Using telephone screening data for a NIH-funded clinical laboratory study of toxicant exposure associated with B&M use, latent class analysis (LCA) was used to classify 331 African American B&M smokers’ based on daily use, average daily consumption, preference for flavors, preference for product design tips, and product modification behaviors.


Results showed five classes, three of which (Daily-Hypers, Daily-Flavored, and Heavy-Daily-Hypers) reflected daily use and average daily consumption rate ranging between 2.7 and 8.9 B&M cigarillos per day. Non-Daily-Hypers and Non-Daily-Flavored classes represented non-daily use patterns and averaged less than 1.0 B&M cigarillo per day. Both sets of classes defined by daily users and non-daily users included smokers who preferred flavored tobacco and who practiced product modification techniques involving hyping and blunting.
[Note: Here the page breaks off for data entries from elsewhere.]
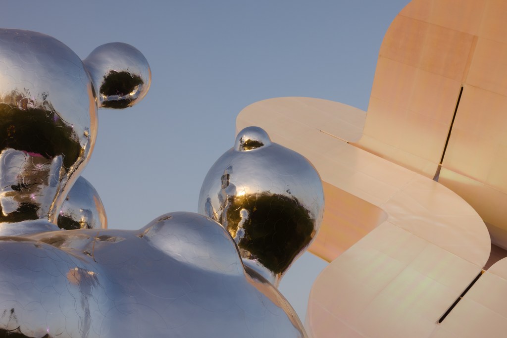 Constructed out of steel and wood with a vinyl color-gradient surface, Özel’s 60-foot-tall “Holoflux” marries sculpture with architecture. From afar, the three-legged piece appears as a series of spherical forms, different from every angle. Up close, it’s possible to walk through and lay underneath, which alters how viewers interact with the it. At night, “Holoflux” disappears in a way, as real-time projections, graphics and flickering lights that change color create a different narrative. Altogether, Özel’s intention was to merge cyberspace with a physical environment.
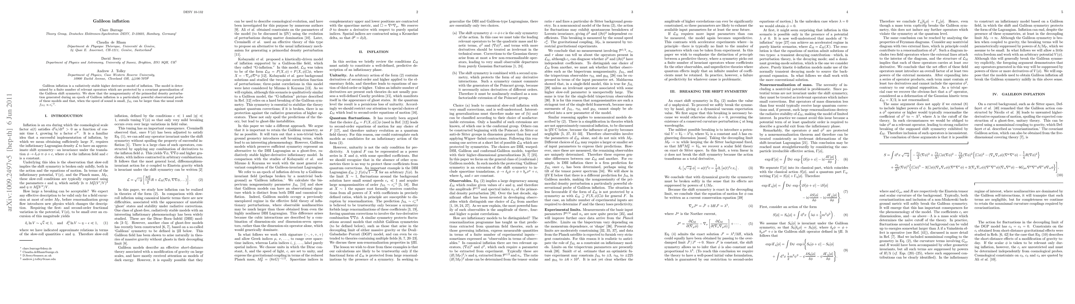 Galileon inflation utilizes higher derivative terms protected by a covariant Galileon symmetry, offering a stable inflationary framework. This model can generate significant nongaussianity in primordial density perturbations, with the non-linearity parameter fNL potentially exceeding typical values when the speed of sound is small.
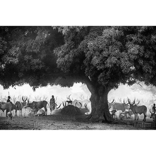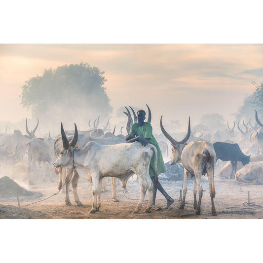 Dinka Herder Black Modern Wood Framed Art Print by Cole, Trevor
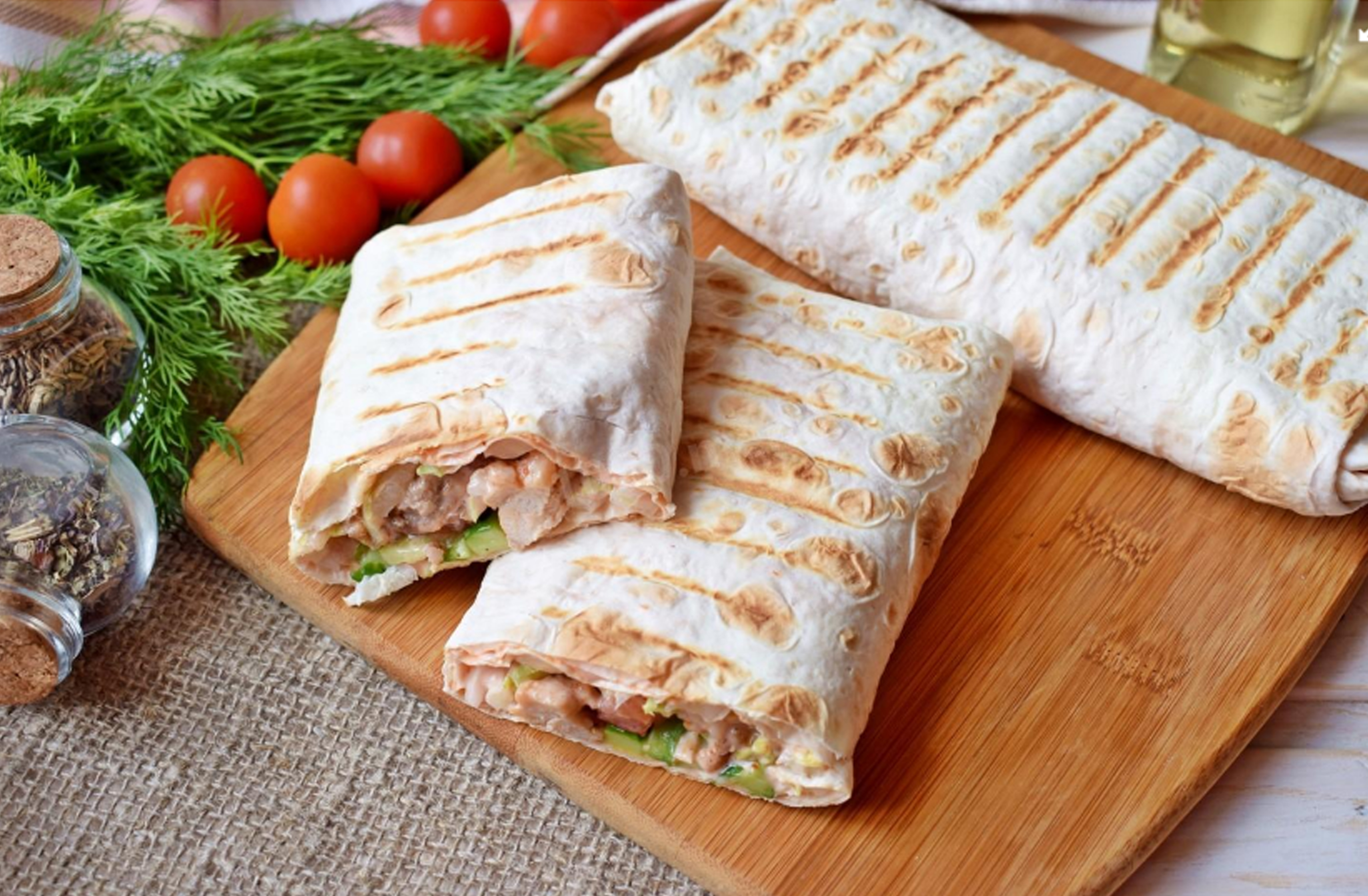 - Готову шаурму обсмажте на сухій пательні або грилі з двох сторін.
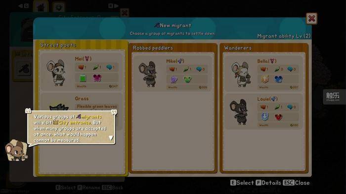 每位招募的鼠市民也有自己的个性和需求。需求有生理上的,也有心理上的。一旦缺乏娱乐、长久工作或者休息不足,就会影响他们的工作效率。玩家在招募时可以根据自己需要的能力挑选市民。等到王国发展起来,还可以进行一系列经济和财政上的经营。
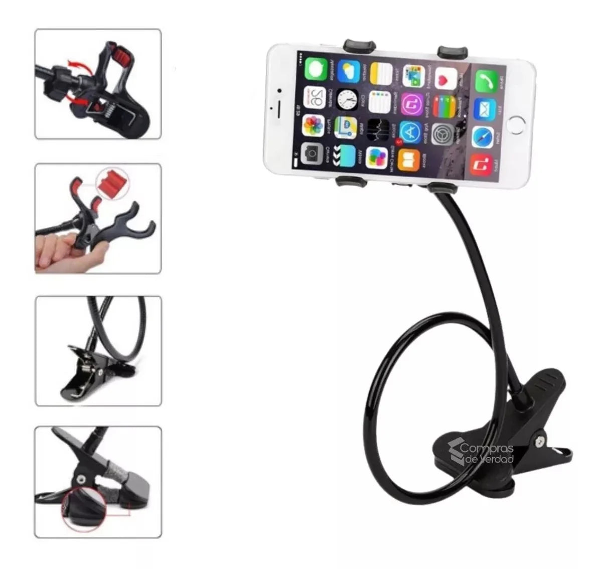 Reguliuojamo spaustuko plotis gali būti iki 125 mm, todėl jis tinka daugumai telefonų modelių.

Latent class analysis is a useful method to detect subtle differences in B&M product preferences and smoking behaviors among African Americans. Study findings highlight the importance of developing tailored interventions that consider within group differences in order to reduce the prevalence of cigarillo smoking among those with the greatest burden.


The current study is the first to identify unique subgroups of African American B&M smokers based on cigarillo use behaviors and associated characteristics. Latent class analyses may prove useful for understanding other subgroups of tobacco users. Current findings concerning patterns of LCC use illustrate how future tobacco cessation and prevention interventions may be tailored for African American smokers.